(DailyDig.com) – The most vulnerable American households need relief in the wake of rising inflation. Families are still reeling from the financial effects of the COVID-10 pandemic, and some low-income families are in crisis. They face mortgage defaults, delinquencies, and foreclosures. Some have had their utilities shut off, which is concerning when combined with the dangerous and devastating effects of climate change. For those families who lost their homes or experienced significant financial hardship following January 21, 2020, the Homeowner Assistance Fund (HAF) can provide some relief.
What Can You Use HAF For?
You can use HAF funds for mortgage payments, utilities, homeowner’s insurance, and for other specific home-related purposes outlined in the fund distribution. This is the type of relief that goes to families facing greatest hardship first, and eligibility is required using regional and federal income factors.
Overall, HAF is distributed in the amount of at least $50 million to each state plus Puerto Rico and the District of Columbia. Nearly $500 million is designated for tribal lands, including the Department of Hawaiian Home Lands. $30 million goes to aid the Commonwealth of the Northern Mariana Islands, the U.S. Virgin Islands, American Samoa, and Guam.
HAF funding qualifications have been updated throughout 2022, so if you didn’t qualify to use HAF for a particular home-related expense, check back again with your case worker. You may be able to qualify now. In many instances, home-related expenses are not covered directly, but rather reimbursed, meaning you have to go through a specific approval and reimbursement process.
Overall, HAF is there to help struggling Americans stay housed. Nearly 10 billion dollars has been delegated to this federal program, but like many federal programs, those benefits are distributed by states.
How To Qualify: Homeowner Assistance Fund
To be eligible for HAF funding, you need to have specifically measurable financial hardships due to the pandemic. The assistance must only go towards your primary residence. You also need to meet specific program requirements in your state, which is based on your state’s median income in most cases. Each state may also impose specific requirements, so you’ll have to check eligibility on a state-by-state basis.

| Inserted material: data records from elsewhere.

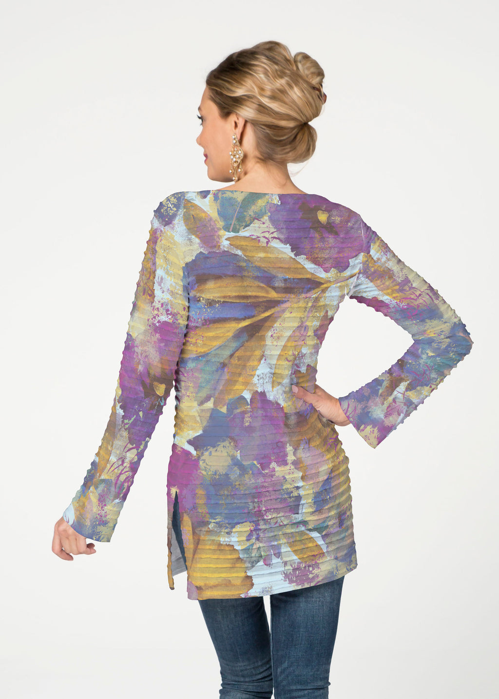 The Banded Boatneck Tunic has the soft pleated texture of our Banded fabric, making this a sophisticated, casual year round piece. A forgiving fit, side vents, with a relaxed full length sleeve combine for a flattering look. The hemline flows gently over the hip.
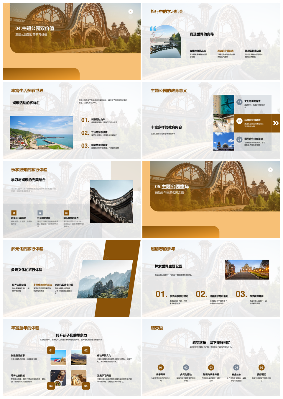 2025家庭旅游胜地小学生主题公园动物园海滨山区PPT模板
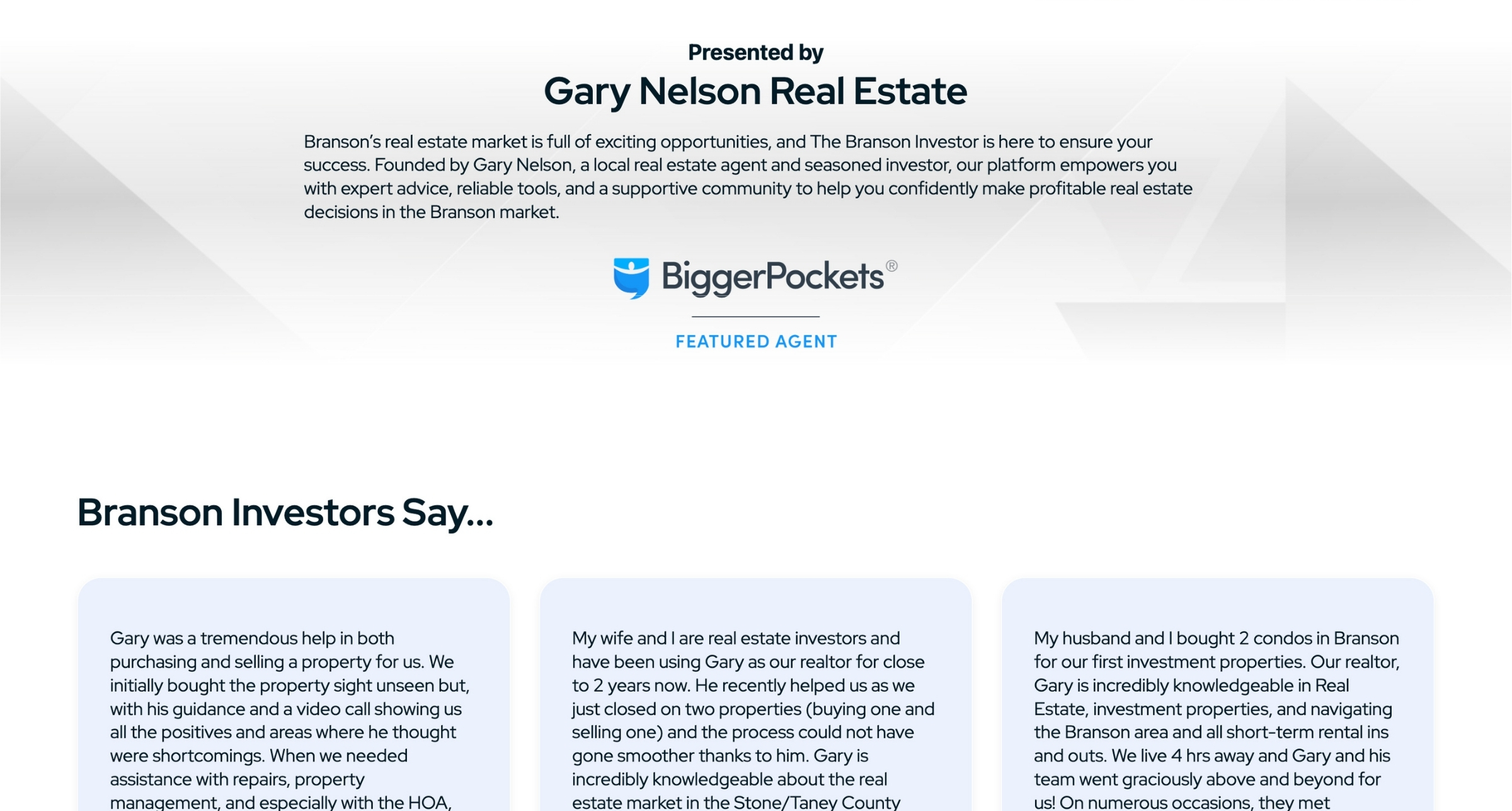 Gary wanted to create a space where Branson real estate investors could feel informed, and supported, not just sold to. There wasn’t a central place that brought together local insight, shared context, and a sense of community around the Branson investor market. I built The Branson Investor as a dedicated hub where education, location awareness, and strategy live side by side, giving investors a place to learn and engage on their own terms. The site was designed to grow with the community over time.

Specifically, you can put awarded funds towards property taxes, homeowners insurance, internet service, utilities, homeowners association fees (HOA fees), property taxes, and mortgage payments. This includes mortgage payments which are past due. Specific home repairs may also be included. Again, this varies by state, and this is only a general list of examples of what the HAF may cover for you and your household.
The qualification process is also different based on your state, but start by learning about the income requirements for HAF relief and whether you qualify.

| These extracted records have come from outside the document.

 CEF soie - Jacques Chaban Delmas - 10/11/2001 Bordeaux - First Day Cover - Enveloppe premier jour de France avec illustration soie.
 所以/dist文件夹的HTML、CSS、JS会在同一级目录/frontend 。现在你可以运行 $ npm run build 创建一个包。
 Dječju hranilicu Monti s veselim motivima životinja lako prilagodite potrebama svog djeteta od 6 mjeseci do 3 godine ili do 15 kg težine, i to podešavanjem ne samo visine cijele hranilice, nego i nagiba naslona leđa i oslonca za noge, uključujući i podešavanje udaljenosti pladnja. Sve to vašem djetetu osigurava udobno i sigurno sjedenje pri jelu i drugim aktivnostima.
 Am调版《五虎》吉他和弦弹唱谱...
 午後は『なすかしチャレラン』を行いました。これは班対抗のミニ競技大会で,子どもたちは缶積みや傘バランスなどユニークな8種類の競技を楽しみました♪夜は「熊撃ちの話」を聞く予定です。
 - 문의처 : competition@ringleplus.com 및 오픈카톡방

Usually you will not have to pay back HAF funds. This can change if you sell your home, but it’s based upon the local program requirements. A housing counseling agency (specifically, a HUD-approved one) can help you with that. Even if you’re in the foreclosure process, you can still apply for HAF.
Should you qualify, the funds can go directly to your mortgage lender or to the contractor you’ve hired to make repairs. These funds can also go directly to your utility company. To receive funds directly, these service providers must accept HAF payments. Most do, but it’s worth checking. Your funds must go towards a primary residence, such as a manufactured home, a condo, a duplex, a single-family home, or a one-to-four-unit dwelling.